The median age in the city was 49.3 years. 20.2% of residents were under the age of 18; 4% were between the ages of 18 and 24; 21.5% were from 25 to 44; 29.4% were from 45 to 64; and 25.1% were 65 years of age or older. The gender makeup of the city was 49.6% male and 50.4% female.

===2000 census===
As of the census of 2000, there were 2,082 people, 916 households, and 649 families living in the city. The population density was 37.1 PD/sqmi. There were 995 housing units at an average density of 17.8 /sqmi. The racial makeup of the city was 99.14% White, 0.29% African American, 0.19% Native American, 0.10% Asian, 0.05% from other races, and 0.24% from two or more races. Hispanic or Latino of any race were 0.19% of the population. 22.4% were of Norwegian, 18.6% German, 14.3% Finnish, 7.2% Irish, 6.1% Swedish and 5.2% English ancestry.

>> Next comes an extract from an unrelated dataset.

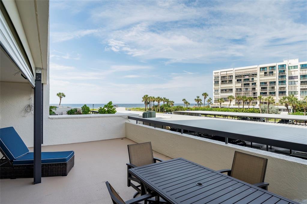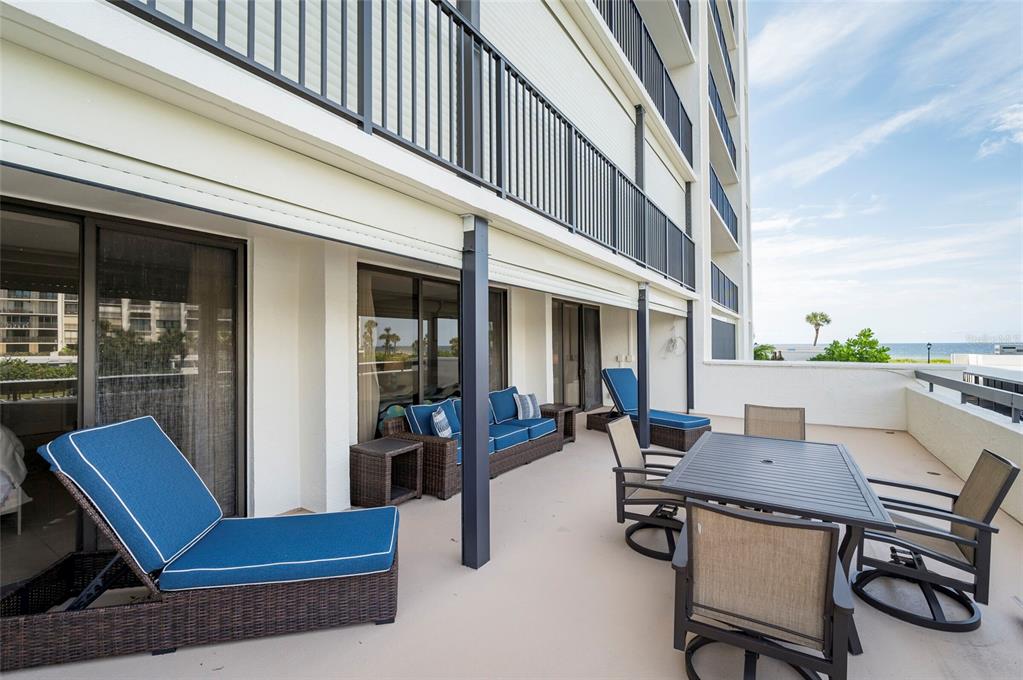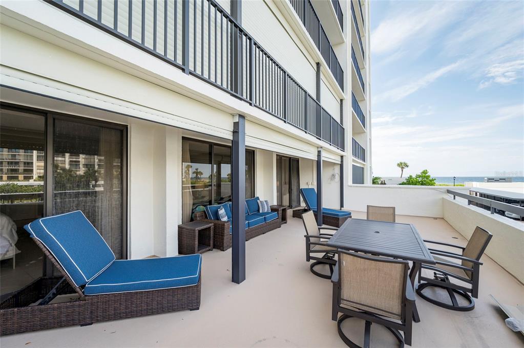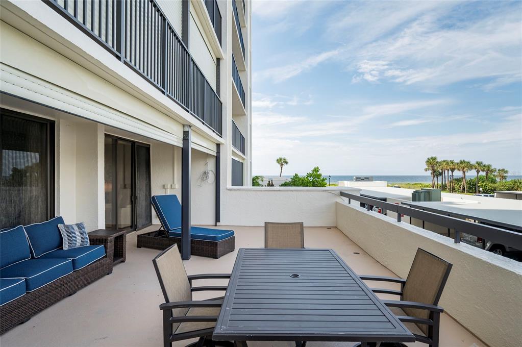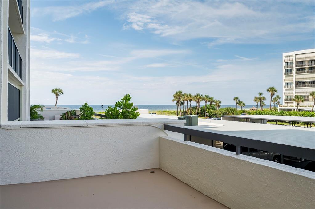 Rare unit - 500 sqft oversized balcony! walk out of your beach residence straight to the pool area, no need for an elevator! this turnkey, fully furnished luxury condo offers an impeccable open floor plan featuring two expansive bedrooms and two exquisitely renovated, spa-inspired bathrooms. tile flooring flows throughout, enhancing the sophisticated ambiance. the open-concept kitchen and living area seamlessly extend to the oversized patio, where breathtaking views of the gulf and intracoastal await. this highly coveted outdoor space is perfect for entertaining or enjoying mesmerizing sunsets. notable upgrades include hurricane shutters, beautifully textured ceilings, newer ac, water heater, and a washer/dryer. both bathrooms have been recently remodeled, showcasing modern colors and premium finishes. the master suite is a private retreat, with refined finishes and sliding doors that lead to the patio, blending indoor and outdoor living. nestled in a prestigious community near the fine dining and boutique shopping of sand key, residents enjoy a resort-style pool with ample lounging space, tiki huts for gathering, and direct access to the pristine white sands of the beach. the building also offers a community room for hosting larger events. this condo includes covered carport parking (#108) and a storage locker (#108). with its prime location, you are a short walk from the vibrant shoppes of sand key and renowned restaurants like columbia and backwaters. the trolley, pickup spot for which is conveniently located just outside the community, offers easy access to clearwater’s abundant dining, shopping, and entertainment options. tampa international airport is a short 20-minute drive, and tampa and st. petersburg are close by for endless adventures.1460 GULF #108, CLEARWATER BEACH, FL 33767

There were 916 households, out of which 24.1% had children under the age of 18 living with them, 61.6% were married couples living together, 7.3% had a female householder with no husband present, and 29.1% were non-families. 26.3% of all households were made up of individuals, and 13.3% had someone living alone who was 65 years of age or older. The average household size was 2.27 and the average family size was 2.71.

In the city, the population was spread out, with 19.8% under the age of 18, 6.6% from 18 to 24, 22.6% from 25 to 44, 29.6% from 45 to 64, and 21.3% who were 65 years of age or older. The median age was 46 years. For every 100 females, there were 99.6 males. For every 100 females age 18 and over, there were 96.4 males.

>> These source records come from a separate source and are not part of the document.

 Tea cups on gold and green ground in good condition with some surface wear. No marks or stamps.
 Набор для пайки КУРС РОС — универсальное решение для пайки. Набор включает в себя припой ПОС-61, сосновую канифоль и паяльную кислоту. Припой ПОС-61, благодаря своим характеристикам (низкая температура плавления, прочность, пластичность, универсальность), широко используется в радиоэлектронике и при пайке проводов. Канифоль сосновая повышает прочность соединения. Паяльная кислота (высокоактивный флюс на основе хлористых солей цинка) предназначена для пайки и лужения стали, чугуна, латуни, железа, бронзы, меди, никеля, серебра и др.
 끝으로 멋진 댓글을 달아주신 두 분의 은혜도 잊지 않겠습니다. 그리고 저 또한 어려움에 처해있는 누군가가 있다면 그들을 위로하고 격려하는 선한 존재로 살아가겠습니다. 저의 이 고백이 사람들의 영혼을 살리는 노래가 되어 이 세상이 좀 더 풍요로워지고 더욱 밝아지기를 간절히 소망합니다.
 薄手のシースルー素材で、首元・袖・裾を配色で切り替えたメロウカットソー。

The median income for a household in the city was $39,493, and the median income for a family was $45,603. Males had a median income of $42,000 versus $24,052 for females. The per capita income for the city was $18,882. About 6.6% of families and 8.9% of the population were below the poverty line, including 19.5% of those under age 18 and 5.7% of those age 65 or over.